In the pictures they look much more alike than they do now. They’re both redheaded and freckled. But, because life is unfair, Nan’s hair is a pale, washed-out strawberry blond, and she has freckles everywhere and blond eyelashes. Tim’s got only a few stipples of freckles across his nose, and his brows and lashes are dark, while his hair is a deep russet. He’d be a knockout, if he weren’t always so out of it.
“I’m on hold with Columbia—getting my application,” Nan whispers. “I’m glad you came by. I’ve been totally sidetracked.”
“I called your cell but got Tim, and he wouldn’t look for you.”
“That’s where it is! God. He’s used up all his minutes and now he’s after mine. I’m going to kill him.”
“Couldn’t you just go to Columbia’s website and order the application?” I whisper, even though I know the answer. Nan’s hopeless with her computer—she keeps so many windows open at the same time and never shuts them—her laptop’s constantly crashing.
“My laptop’s in surgery with Macho Mitch again.” Mitch is the incredibly good-looking, if vaguely sinister, computer repair guy who makes house calls on Nan’s PC. Nan thinks he looks like Steve McQueen, her idol. I think he looks sulky
and annoyed because he’s constantly fixing the same problems.

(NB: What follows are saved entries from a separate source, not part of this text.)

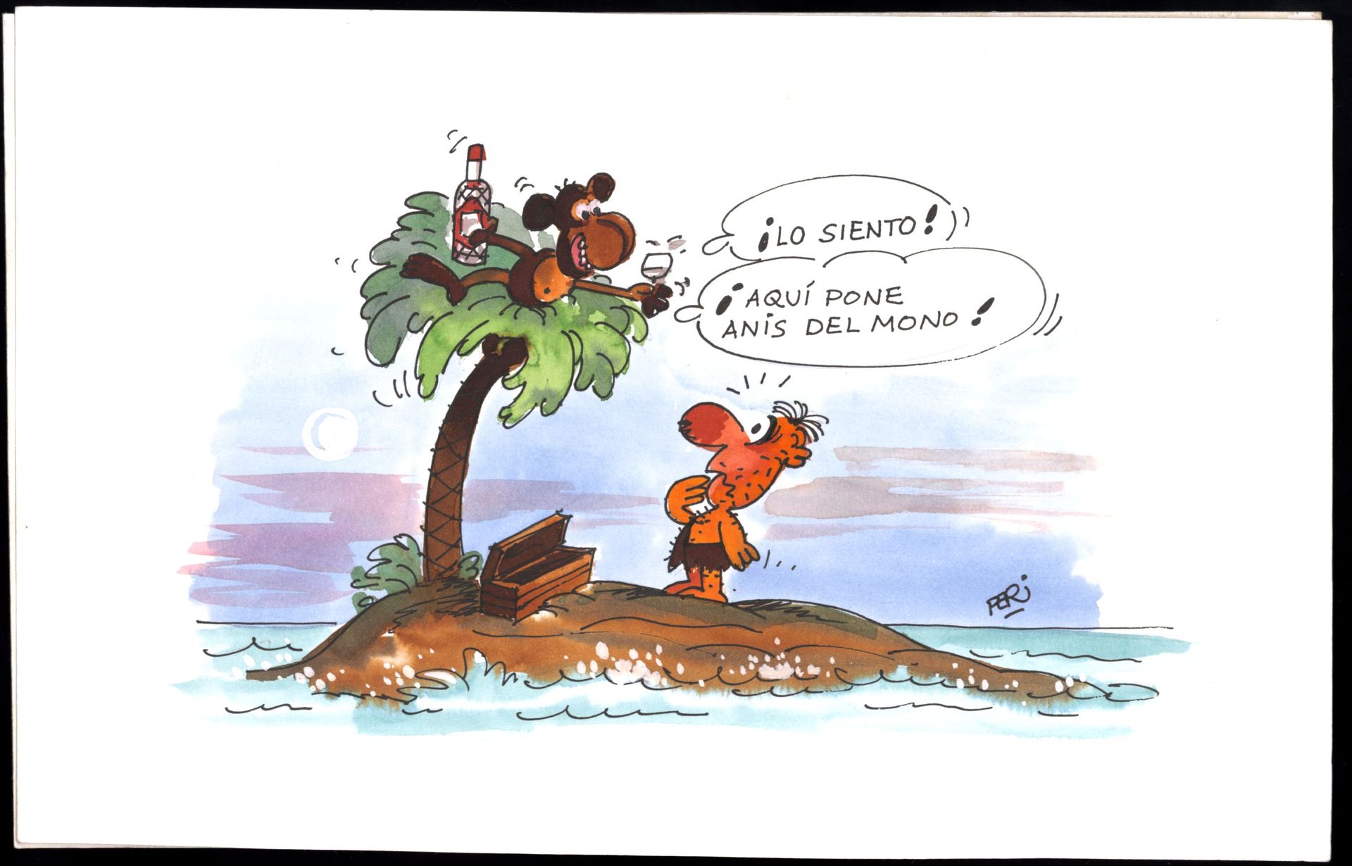 Lo siento. Aquí pone Anís del Mono. Arte final. Viñeta humor del dibujante Peri con imagen de un naúfrago en una isla con mono [Cartel 11]
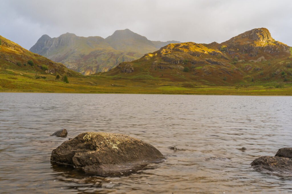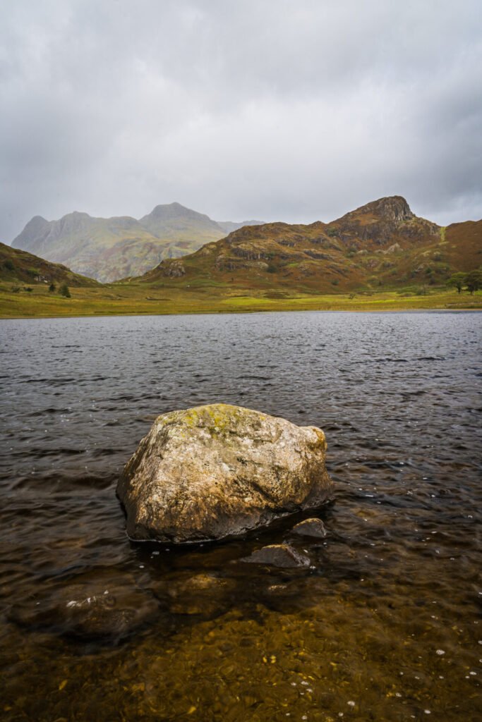 At this point we decided that it was time to head back down off Side Pike and make our way back to the cars. We picked our way slowly back down (almost) the same way that we had gone up. A couple of slips and slides later and we were back on the path to Blea Tarn. The weather was ok at this point so we took the opportunity to go back onto the beach at Blea Tarn and get some more images. This last image is of Side Pike in Portrait orientation using what available foreground interest there was, namely lumps of rock in the water. I was really pleased again with this image on the back of the camera and I think it’s turned out fine after post processing.
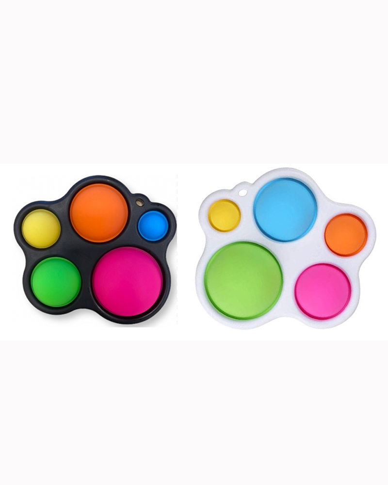 Jucaria senzoriala Dimple formata dintr-un cadru de plastic ce sustine 5 bule de silicon colorate in culori vibrante, ajuta copilul la constientizarea relatiei cauza-efect. Simpla si foarte distractiva jucaria a carei siguranta a fost pe deplin testata, mentine atentia degetelelor dornice de descoperiri. O aventura senzoriala careia nu ii poate rezista nimeni! Jucaria este fabricatra din silicon si plastic ABS de inalta calitate ce poate fi utilizata in siguranta datorita materialelor sigure. Poate fi carata cu usurinta in bagaj, ghizdan, ruscasc datorita dimesiunilor si greutatii ce il fac usor de transportat. Este potrivita pentru orice varsta, atat pentru copii cat si pentru varstnici. Stimuleaza calmul si concentrarea, amelioreaza stresul si dezvolta abilitati motorii fine, coordonarea, atentia, indemanarea. Bulinutele sunt fabricate dintr-un material din silicon moale, sigure, netoxice, durabile, rezistente la rupere, nu se deterioreaza usor. Se spala si dezinfecteaza cu usurinta, fiind reutilizabila si lavabila. Usor de transportat si poate fi folosita oricand.
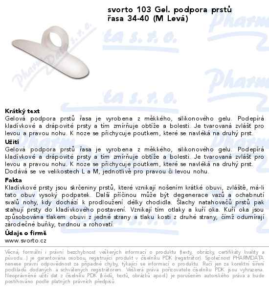 svorto 103 Gel. podpora prstů řasa 34-40 (M Levá)
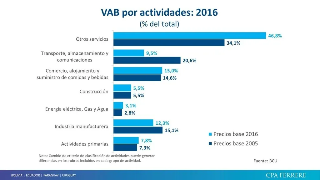 La consultora CPA Ferrere explicó que el cambio en el año base repercute en el peso de sectores sobre valor agregado total. Para 2016, se destaca el aumento de la ponderación en otros servicios y la fuerte caída en transporte, almacenamiento y comunicaciones.
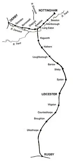 ![]() Map of the route of the Midland Counties' Railway | |
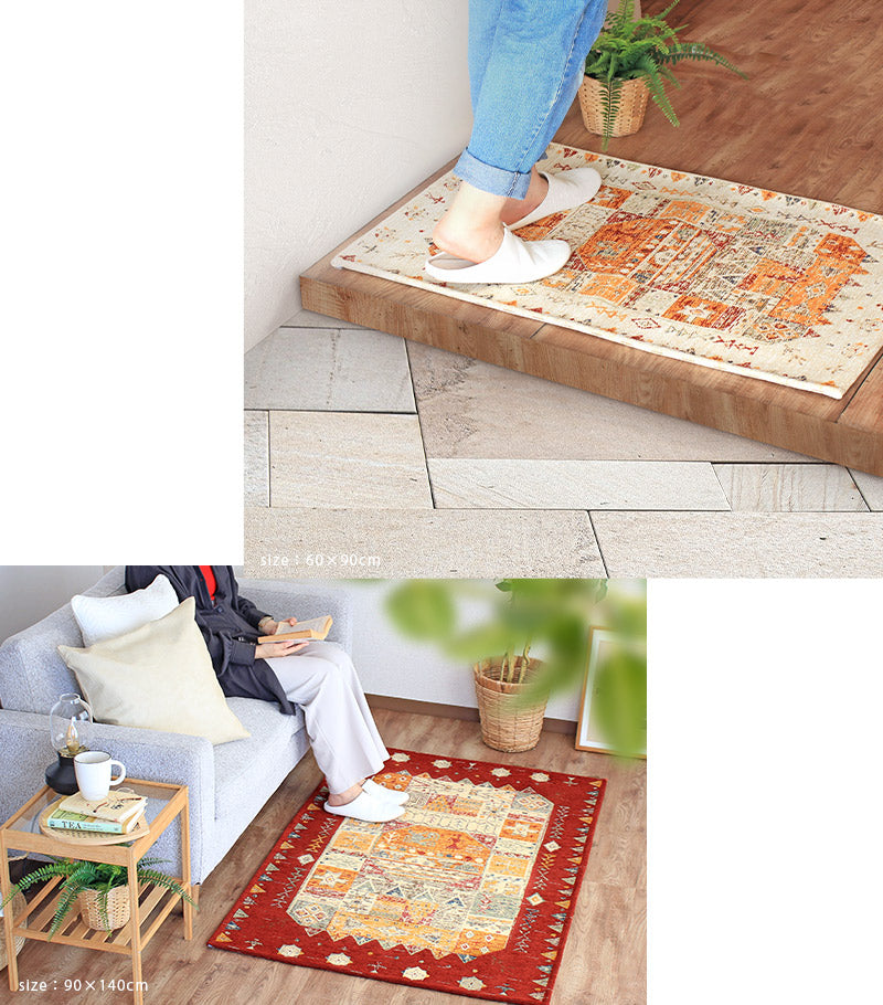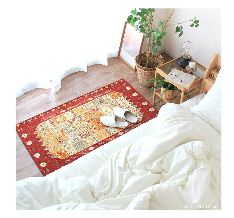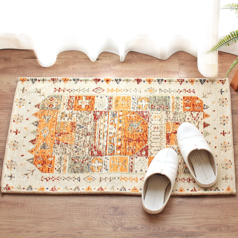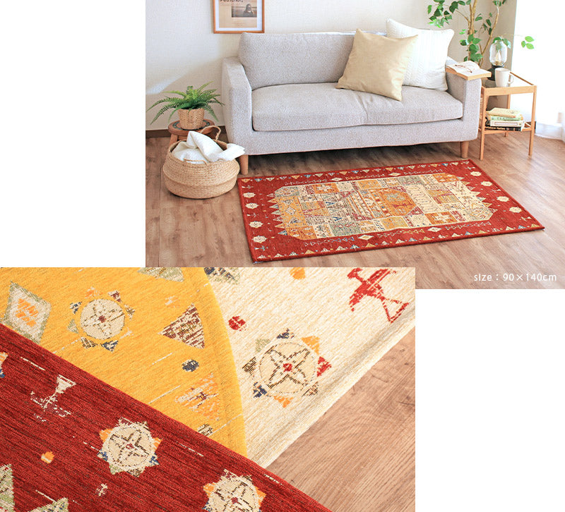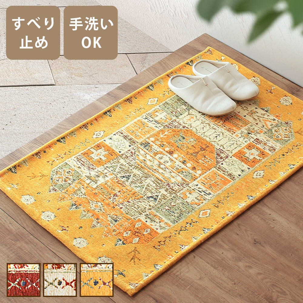 繊細な織り模様で、遊牧民による手織り絨毯「ギャッベ」をモチーフにしたほっこりと素朴ながら鮮やかな配色が目を惹くヴィンテージ調の玄関マット。滑らかな肌触りのシェニール糸を使用して織り上げた短毛の生地は、通気性が良くシーズンを問わず一年中サラッと快適な使い心地です。更に手洗いOKなので、うっかり汚してしまってもご家庭で丸洗いできていつでも清潔◎お部屋全体の印象が華やぎ、こなれ感の出せる一枚です。
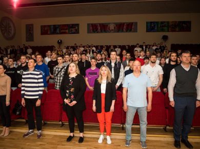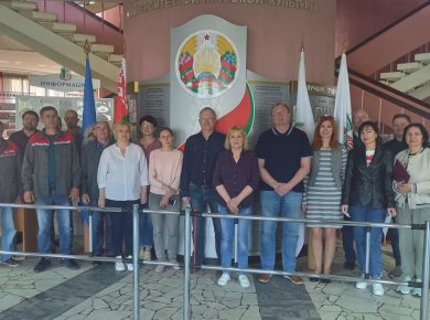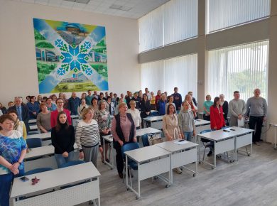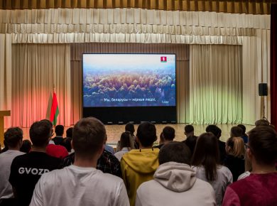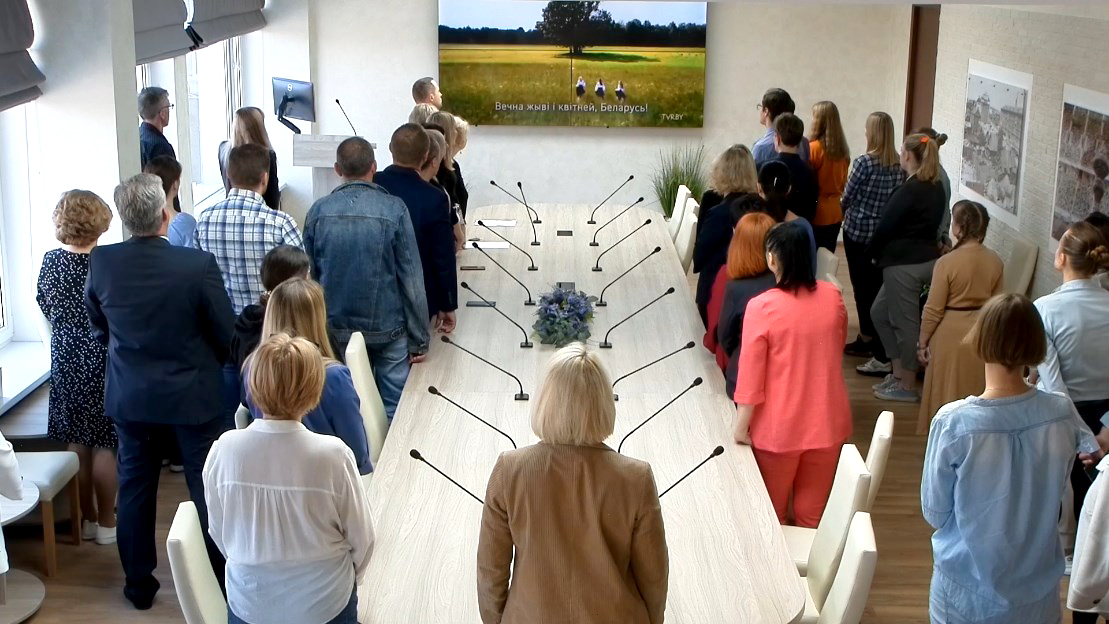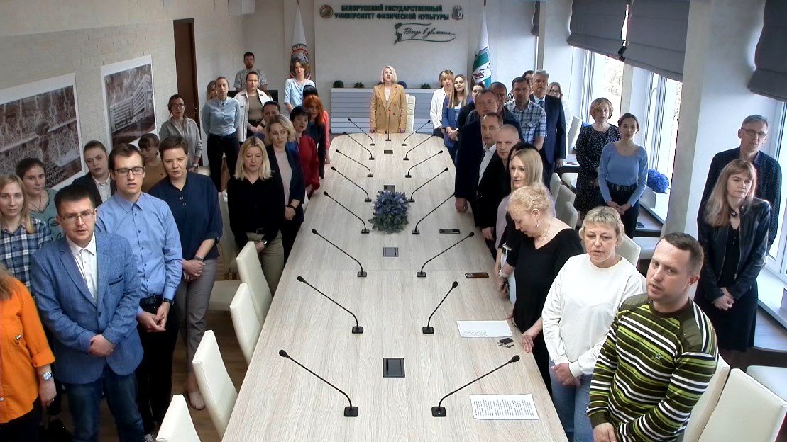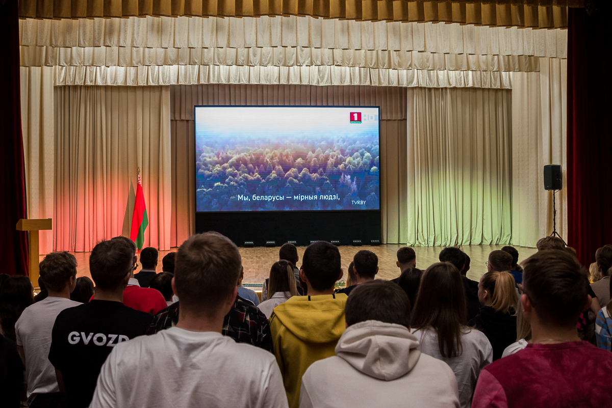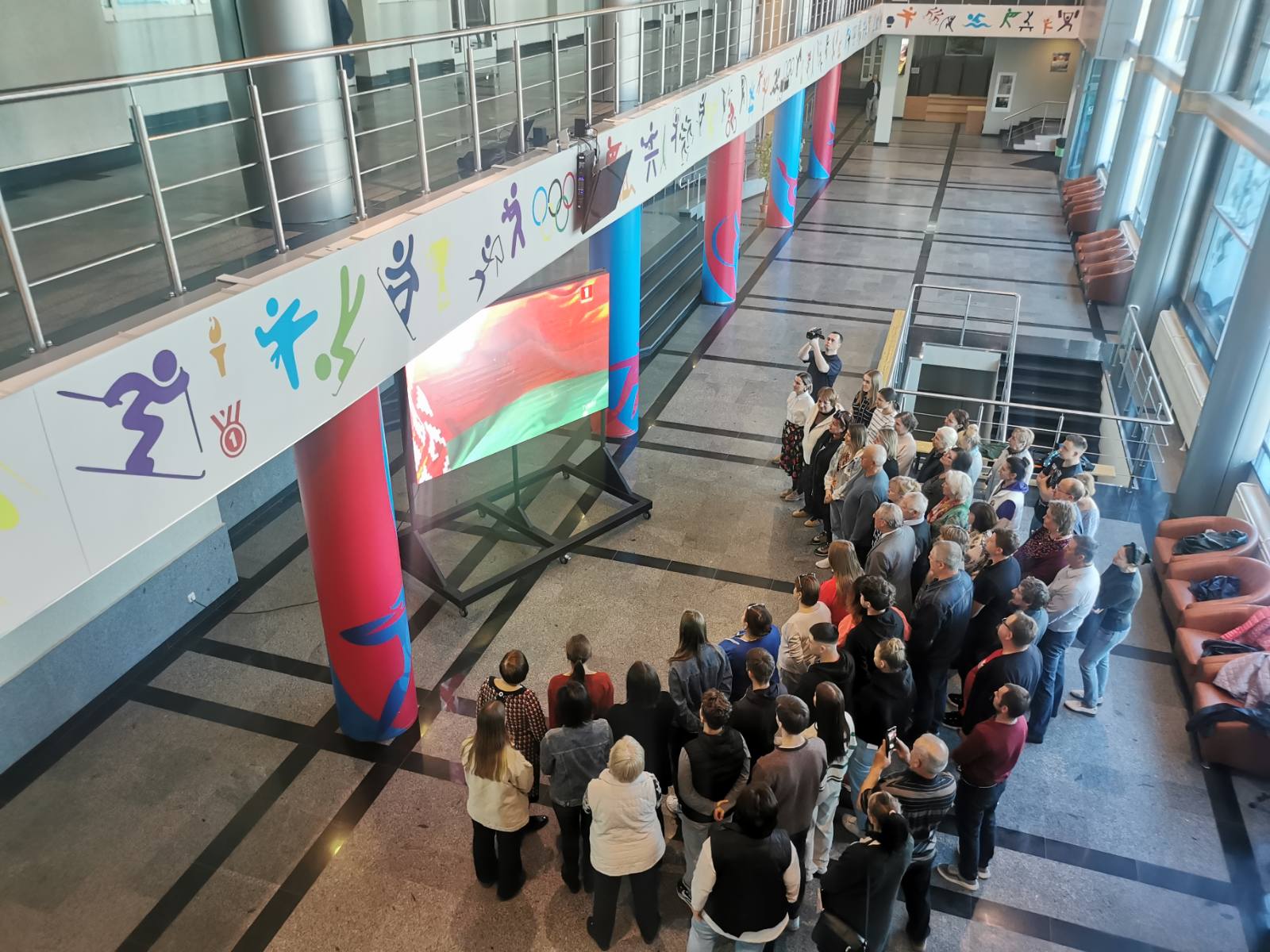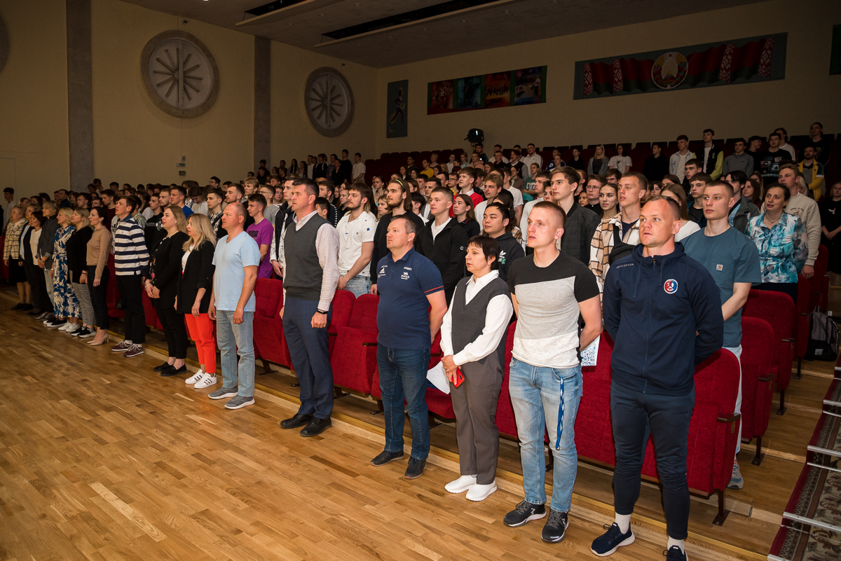 13 мая в рамках районной акции “Сэрцам адданыя роднай зямлі”, приуроченной ко Дню Государственного флага, Государственного герба и Государственного гимна Республики Беларусь, все сотрудники и студенты университета исполнили Государственный гимн.

“Thanks—yes, and when will this be sent out?” Nan says into the phone just as Tim wanders into the room, hair sticking up in all directions, wearing a ratty pair of tartan flannel pj bottoms and an Ellery Prep Lacrosse T-shirt. He doesn’t look at us, just roams over to the Hummel Noah’s Ark display on the window seat and rearranges the figures in obscene combinations.